Hitting the road alone can be dangerous for someone with such severe mental health concerns, but that doesn’t mean I shouldn’t do it. Quite the opposite, in fact. In my time in academia, I did a lot of studying on trauma. Not only was it close to my heart, but I found the concept of trauma to be absolutely fascinating, and I began seeing childhood trauma as a pervasive social problem. In my studies, I came across the concept of posttraumatic growth. It’s a term to describe the tendency for people who have gone through trauma and healed themselves to exhibit a perception of personal growth as a result of the process. This growth gives meaning to the trauma, creating space for further healing to take root. For this reason, posttraumatic growth has become a focus in my life: to further understand the optimal situations that produce it, and then apply them to my own life. One of the first things I realized about growing beyond my trauma was that I had to allow for situations where I needed to rescue myself, over and over again, to allow new emotional memories to become tied to my anxiety and depression. Memories where I triumphed.
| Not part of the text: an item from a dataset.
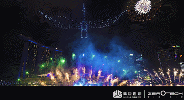 自2017年在国庆典礼上使用300架无人机庆祝后,滨海湾再一次呈献具有创新性的无人机表演。这一次伴随着一瞬间点亮整片夜空璀璨的烟花,震撼人心的音乐让滨海湾成为狂欢者的天堂。晚上22时30分,开始长达90分钟的烟花音乐剧,500架无人机在滨海湾空中肆意飞舞,组成水母、鱼尾狮、轮船等多个对新加坡别具意义的图案,陪伴大家跨越这个时代。

In Peter Levine’s book Waking the Tiger, he discusses an incident where a group of school students was kidnapped and buried underground in their school bus. They escaped, some with more injurious trauma than others. A study was done on the children and the varying affects the traumatic experience had on them in the years following the event. Loosely explained, the study showed that the children who actively worked towards ensuring survival (in this case tunneling their way out of the bus and to the surface) showed graduated returns in growth and healing beyond the experience of being kidnapped. Older children who conceived of the plan and encouraged younger ones to help dig were shown to be the best off in the years following the event and the younger children who began to dig and help were doing well. The story lies in the children who were frozen by their fear and relied on others to rescue them. They were affected in a debilitating way by the traumatic event, even years after it occurred. What was the difference? In short: those who experienced the most posttraumatic growth kept moving. They refused to give up and they fought for survival.


Fight or keep moving.

There are a lot of childhood traumas where fighting is not possible, as was the case with mine. Just because I couldn’t effect the situation at the time doesn’t mean I’ve lost my chance at posttraumatic growth, but it does mean I have to work harder at it. Going on tour and putting myself through anxious situations and coming out on top aids posttraumatic growth. Each time I drive through major city traffic without panic I’m one step closer to it never happening again. Each time I don’t throw in the towel when I’m driving in some faraway state while depressed and on the verge of tears I pound another nail into my trauma’s coffin. If I didn’t have music I wouldn’t be able to do any of this

I’ve been playing music since I was very young, and I’ve been writing it since I was 15. I feel in resonance when I’m creating music. Chasing this resonance has pushed me out of my comfort zone and that is something I have sorely needed. Chasing the resonance has brought a level of meaning to my life that I could never have imagined. It has been the true impetus of healing in my life, and when the going is hard that is how I choose to understand what I’m doing. I don’t have any delusions that I would become some famous singer-songwriter, I know that I’m just another white guy with a guitar. I also know that meaning is rarely found in something outside of ourselves, like money or notoriety. Meaning comes from within. Cultivating this meaning is one of the most important tasks we must accomplish in our lives. Music gives me the road. The road gives me meaning.


Feeling good on the southern California Coast, April 2017.